L’appelante soutient que, que contrairement à ce qu’a retenu le tribunal, qui n’a justifié son analyse par aucun élément juridique ou factuel, il existe en réalité non pas un seul contrat de bail, qui aurait été conclu le 15 octobre 2010, mais deux contrats, avec chacun un avenant, d’une part celui du 15 octobre 2010 et son avenant du 1er juillet 2011 et d’autre part celui du 1er février 2013 et son avenant du 1er août 2017.
Elle soutient que le courrier reçu le 2 mars 2020 s’analyse en un congé global, délivré pour les deux baux conclus entre les parties. Il a eu pour effet, en application de l’article L.145-4 du code de commerce, et faute qu’ait été respecté le préavis de 6 mois visé par ce texte, de mettre fin aux baux au 30 septembre 2020 pour le 1er bail, qui prenait fin le 30 juin 2020, et au 31 juillet 2023 pour le second, prenant fin le 31 juillet 2026, avec une fin de première période triennale arrêtée au 31 juillet 2020 et une fin de deuxième période triennale au 31 juillet 2023, les baux se prolongeant jusqu’à la fin des périodes triennales.

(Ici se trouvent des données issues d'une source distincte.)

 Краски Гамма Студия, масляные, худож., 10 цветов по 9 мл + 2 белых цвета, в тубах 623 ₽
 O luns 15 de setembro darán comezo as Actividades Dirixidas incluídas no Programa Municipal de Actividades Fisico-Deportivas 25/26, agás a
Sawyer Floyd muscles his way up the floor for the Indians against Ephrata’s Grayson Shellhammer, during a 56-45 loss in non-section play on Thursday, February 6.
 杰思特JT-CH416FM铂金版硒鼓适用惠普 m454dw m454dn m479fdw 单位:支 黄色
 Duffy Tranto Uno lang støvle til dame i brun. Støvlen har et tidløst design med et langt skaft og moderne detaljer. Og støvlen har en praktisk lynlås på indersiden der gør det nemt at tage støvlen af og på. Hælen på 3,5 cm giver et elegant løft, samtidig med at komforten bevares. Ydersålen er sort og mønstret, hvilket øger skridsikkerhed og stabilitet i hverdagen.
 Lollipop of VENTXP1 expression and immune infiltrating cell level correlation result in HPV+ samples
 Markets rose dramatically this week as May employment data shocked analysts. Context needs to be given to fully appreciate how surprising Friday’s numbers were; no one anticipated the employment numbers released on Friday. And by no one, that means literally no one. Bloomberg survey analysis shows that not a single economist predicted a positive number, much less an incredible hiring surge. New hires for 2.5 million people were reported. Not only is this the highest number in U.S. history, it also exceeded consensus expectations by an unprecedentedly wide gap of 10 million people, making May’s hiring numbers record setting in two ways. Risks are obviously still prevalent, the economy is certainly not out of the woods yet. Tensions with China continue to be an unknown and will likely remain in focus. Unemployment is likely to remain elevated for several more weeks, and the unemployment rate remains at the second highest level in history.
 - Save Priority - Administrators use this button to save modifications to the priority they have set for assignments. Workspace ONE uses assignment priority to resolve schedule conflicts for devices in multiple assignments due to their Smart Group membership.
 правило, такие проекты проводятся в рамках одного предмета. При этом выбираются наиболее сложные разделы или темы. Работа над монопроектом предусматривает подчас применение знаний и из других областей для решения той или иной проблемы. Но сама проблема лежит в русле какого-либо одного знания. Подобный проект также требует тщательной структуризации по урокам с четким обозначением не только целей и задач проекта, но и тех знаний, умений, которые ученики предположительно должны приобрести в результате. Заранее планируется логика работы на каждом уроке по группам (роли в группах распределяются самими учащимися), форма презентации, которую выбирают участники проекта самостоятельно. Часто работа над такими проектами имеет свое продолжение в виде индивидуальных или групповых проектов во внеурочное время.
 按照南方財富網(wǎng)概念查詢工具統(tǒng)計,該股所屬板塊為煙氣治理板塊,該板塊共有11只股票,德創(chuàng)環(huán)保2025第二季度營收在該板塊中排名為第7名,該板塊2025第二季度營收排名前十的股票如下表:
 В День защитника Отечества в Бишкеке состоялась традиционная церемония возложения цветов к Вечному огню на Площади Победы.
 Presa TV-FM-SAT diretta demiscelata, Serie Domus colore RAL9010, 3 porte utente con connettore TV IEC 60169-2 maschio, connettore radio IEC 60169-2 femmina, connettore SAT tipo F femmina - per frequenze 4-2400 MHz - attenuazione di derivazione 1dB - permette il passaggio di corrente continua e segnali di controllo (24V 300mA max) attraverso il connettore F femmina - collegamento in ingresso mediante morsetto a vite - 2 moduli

Elle considère que la société Medicalem, qui ne s’est pas acquittée des loyers mis à sa charge jusqu’au terme de la période triennale en cours, doit être condamnée au paiement de l’intégralité des loyers et charges dus pour la dite période. Outre le paiement de la dette locative antérieure, qui s’élève à 6 203,29 euros pour le bail du 15 octobre 2010 et à 4 848 euros pour le bail du 1er février 2013.
La SCI BDP soutient, enfin, que le départ de la société Medicalem 'du jour au lendemain’ sans régler sa dette locative et sans respecter le préavis applicable pour les baux commerciaux de cette nature lui a causé un préjudice majeur, qu’elle évalue à 5 000 euros, puisqu’elle a été privée brutalement et par surprise de ses revenus locatifs.
S’opposant à l’argumentation de la société Medicalem, selon laquelle la lettre du 2 mars 2022 [lire 2020] constitue non pas une lettre de congé mais une notification d’un départ des locaux en raison des manquements graves et répétés de la bailleresse à ses obligations contractuelles, elle conteste l’absence de délivrance conforme des locaux qui lui est reprochée, et soutient, justificatifs à l’appui, qu’elle entretenait correctement les locaux loués.
Elle ajoute que, s’agissant des problèmes de radiateurs allégués, ils remontent à fin 2017 début 2018, et que la société Medicalem a obtenu une indemnisation à hauteur de 800 euros pour compenser le préjudice de jouissance qu’elle a allégué, et qu’elle ne peut en même temps percevoir une indemnité et indiquer qu’elle entend résilier le bail en raison de ce même préjudice. S’agissant des autres problématiques dont se plaint la société, elle considère que leur existence n’est démontrée par aucun élément concret. Et en tout état de cause, qu’elles ne sont pas de nature à justifier une résiliation du bail sans préavis et sans règlement de la dette locative. La société Medicalem n’ayant, au surplus, jamais engagé de procédure lorsqu’elle se trouvait dans les lieux pour solliciter une compensation de ses prétendus préjudices. Selon la SCI BDP, les désordres dénoncés par la société Medicalem ne constituent que des prétextes pour lui permettre de quitter les lieux sans avoir à assumer ses obligations contractuelles, alors que dès le mois d’avril 2019 elle envisageait d’acquérir ses propres locaux pour des raisons économiques et financières, ce qui constitue la vraie raison de son départ.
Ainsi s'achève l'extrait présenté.